Fossils, meteorites and archeological discoveries took center stage Wednesday as part of North Texas Fossil Day at the University of North Texas.
The Environmental Education, Science and Technology Building held exhibits from the Dallas Paleontological Society, the Heard Museum, the Perot Museum of Nature and Science and donations to the university. Attendees were able to see and in some cases touch the items, keys to learning about the area’s history.
“The fossils give us a history,” said George Maxey, a UNT senior lecturer and event organizer.
Maxey noted one display case that contained the huge footprint of a hadrosaur, a duck-billed dinosaur from the Cretaceous period.
“The creature that made these tracks walked where we are today,” he said. “We can see the idea that our world changes. We tend to think it shouldn’t.”
In addition to the dinosaur and fish fossils on display, Maxey said the event offered other marine creatures, fossilized wood, a recently discovered saber tooth cat, a number of shark tooth exhibits, a table where members of the Dallas Paleontological Society could identify archeological finds and a children’s fossil dig.
Maxey said the event was spurring a great deal of interest. Students as well as families looked over the exhibit pieces and engaged in discussions with the representatives of the museums they came from.
“We get a lot of students asking questions. Since we only have parts and pieces, they want to know the rest. It’s like pieces of a puzzle,” Maxey said.
He said that speculation about what the rest of a given creature looks like — how tall it was, how big — helps fuel the conversation and continued interest in the fossils. Maxey said that he had even received some calls from Denton residents who were interested in donating bones they had found to the university.

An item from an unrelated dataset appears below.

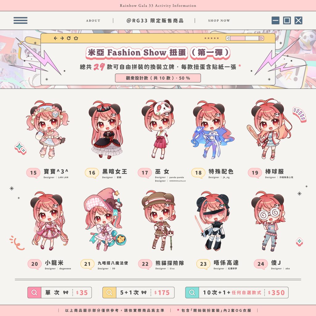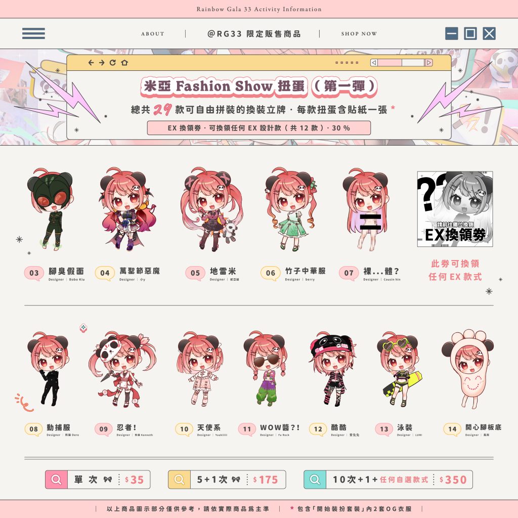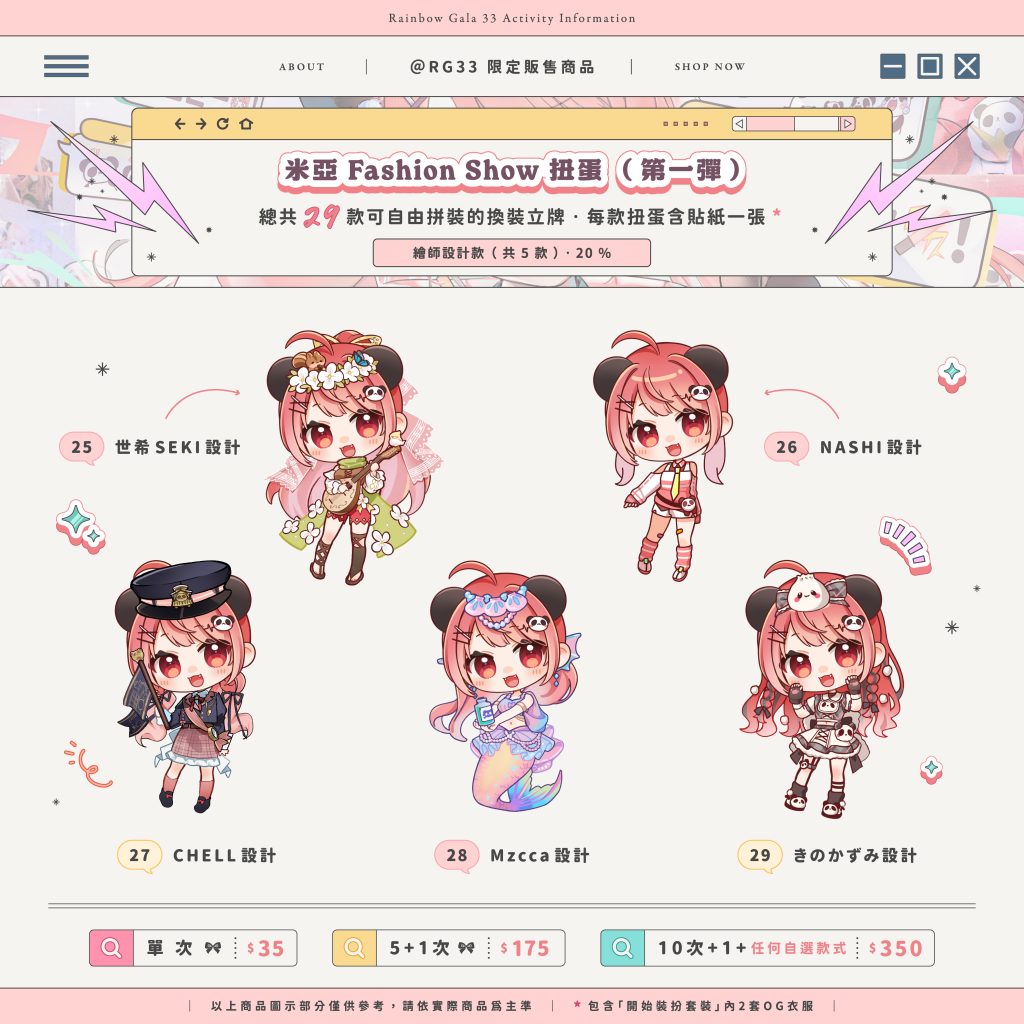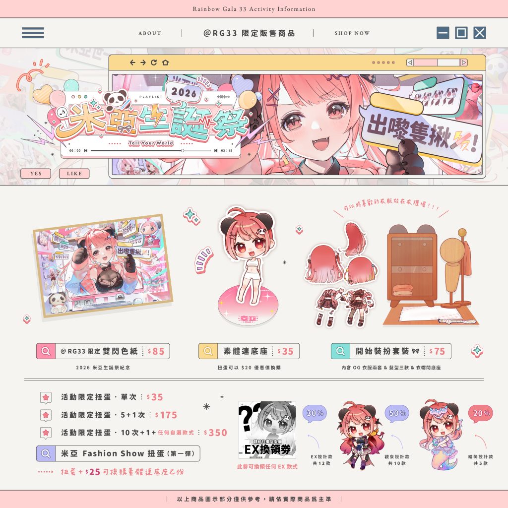 | 「米亞生誕祭2026」限定周邊 由於現場反應熱烈,本次開放網上購買RG33的限定周邊! ♪ 所有周邊皆限定商品,這次網購為最後機會,不要錯過啦 🎀 商品預購時間為即日起 至 1月11日,所以記得把握機會入手收藏囉 *重要* 扭蛋訂購須知

Some of the local discoveries at the event included the skull fossil of an Enchodus fish and the lower jaw fossil of a Saurodon fish, discovered this past summer by a Prosper resident while digging a swimming pool, and a 250-pound fossil of the head of an Xiphactinus audex fish discovered in 2010 in Aubrey.
Hannah Moots, lead educator for paleontology and earth science programs at the Perot Museum, said fossils tell researchers not only about the animals but also about environments and ecosystems.
At the Perot Museum’s table, Moots rattled off details about the skull, toe claw and jaw pieces on display.
One of her favorite nuggets of information to share was about the Dallas area millions of years ago.
“We know Dallas and the whole metroplex and most of Texas was under water during the Cretaceous period.” she said. “The fossils are telling us not only about animals but the history of the Earth.”